Biological soil testing is vital to understand the soil's health and the microbiome's role in crop production. Biome Makers offers biological soil testing called BeCrop Test. BeCrop Test is practical for growers because this particular biological soil analysis shows blocked nutrient pathways, microbe diversity, fungi-to-bacteria ratios, disease risk detection, and insights into hormone production and stress adaptation. With these insights, growers can also apply more precise fertilizers or biologicals to diagnose specific problems, saving time and money and increasing crop yield and quality.

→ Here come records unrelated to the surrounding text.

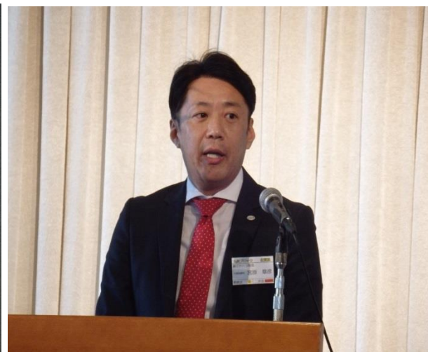
九州ブロック大会 (2月4日／約270名参加) 7
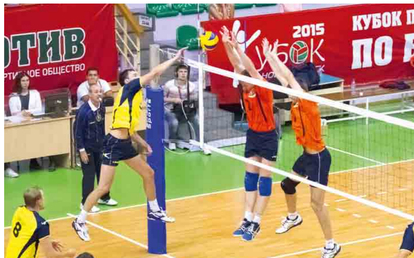
Матч за третье место получился сибирским дерби. В нем встречались команды Западно-Сибирской (справа) и Восточно-Сибирской железной дороги.
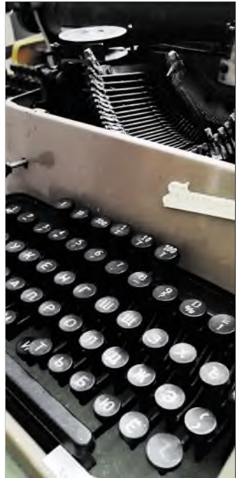
Печатная машинка сейчас — настоящий раритет.
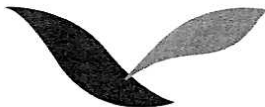
広島大会シンボルマーク

新しい力がつながりあい、いかしあうことで新しい力を生む。この力が新たな社会課題や生活課題を解決していく民力として高められていくことをめざします。
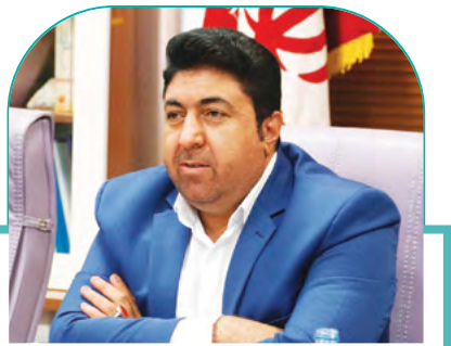
رئیس سازمان سیما، منظر و فضای سبز شهری شهرداری شیراز خیر داد:
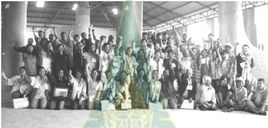
ภาพที่ 6.10 การจัดสัมมนาเชิงปฏิบัติการ “การเสริมสร้างศักยภาพและการกำหนดแนวทางการพัฒนาสวัสดิการตำบลเขารวก”
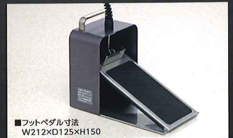
■フットペダル寸法 W212×D125×H150
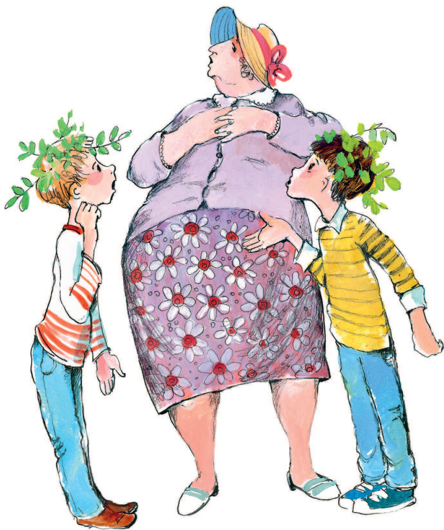
Рисунки Н. Кондратовой
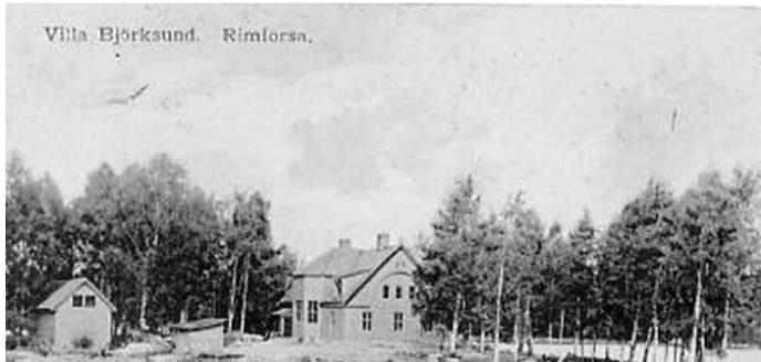
Okänd fotograf, 1913

Familjen Erikssons motorbåt vid båthuset.
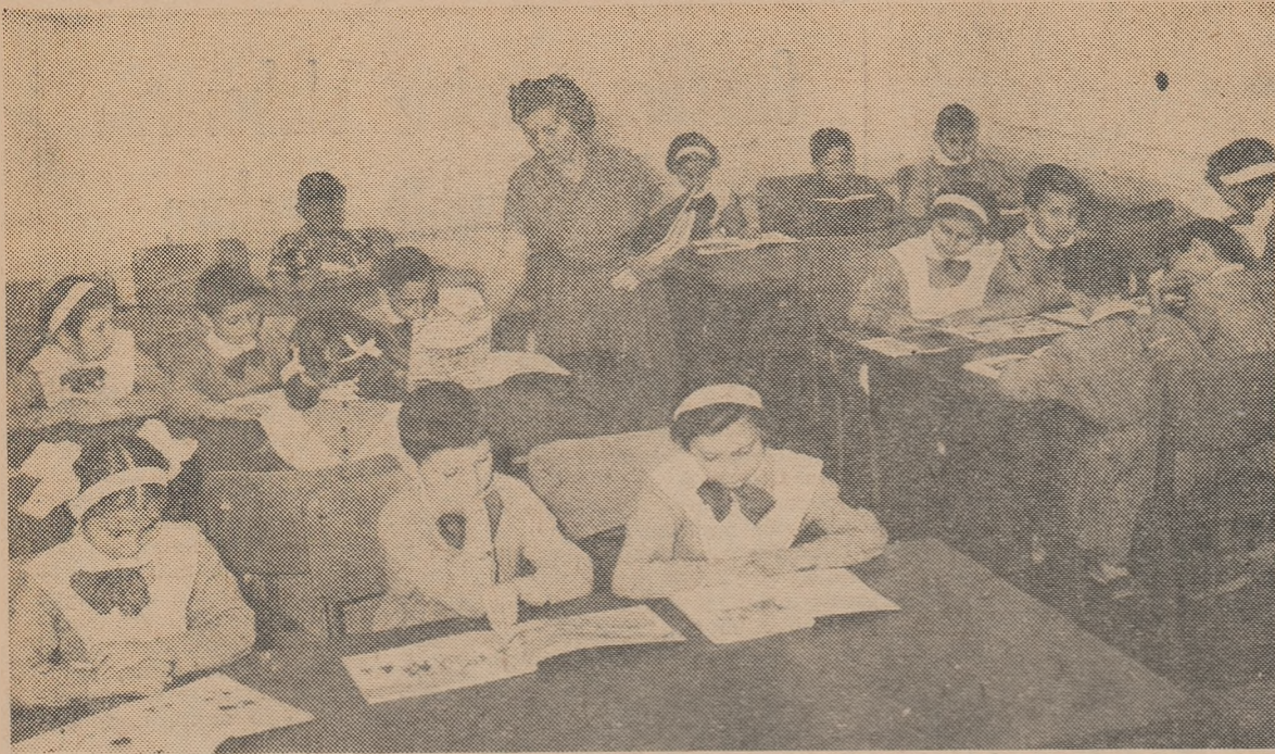
In sala de lectură pentru copii a Bibliotecii centrale, micii cititori care au îndrăgit cărțile vin în număr tot mai mare
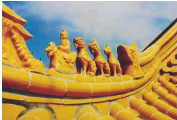
Hoekkeper met fabeldieren op Boedha-tempel aan de Zeedijk te Amsterdam, met vooraan de keizer zittend op de haan. (Foto: H.Momers).

Is elke vorst mooi om op de keper te leggen? Nee. Als je de brede, platte driekantvorst op de keper legt, dan wordt het allemaal een beetje te breed en lomp. Een halfrondevorst kan nog wel, mits niet te breed. De fabrikant zal bij platte dakpannen (o.a. Mulden-, Kruis-, Tuile du Nord-

In conclusion, soil microbes play a crucial role in the fight against climate change, and their diversity and functions are essential to maintaining healthy soil and mitigating the impacts of global warming. From promoting carbon sequestration and assisting in the nitrogen cycle, to cleaning up pollution and reducing greenhouse gas emissions, soil microbes are at the forefront of sustainable agriculture and environmental protection.
However, it is important to understand that not all microbes positively impact the environment, and some may even contribute to climate change. This highlights the critical importance of understanding the diversity of soil microbes and their functions and using this information to make informed agronomic decisions.
Biological soil testing provides valuable insights into the microbial communities in the soil and is a valuable tool for farmers who are committed to promoting sustainable agriculture and mitigating the impacts of climate change. In the end, soil microbes are key players in the fight against global warming, and it is essential that we recognize their significance and harness their potential to protect the environment and ensure a sustainable future.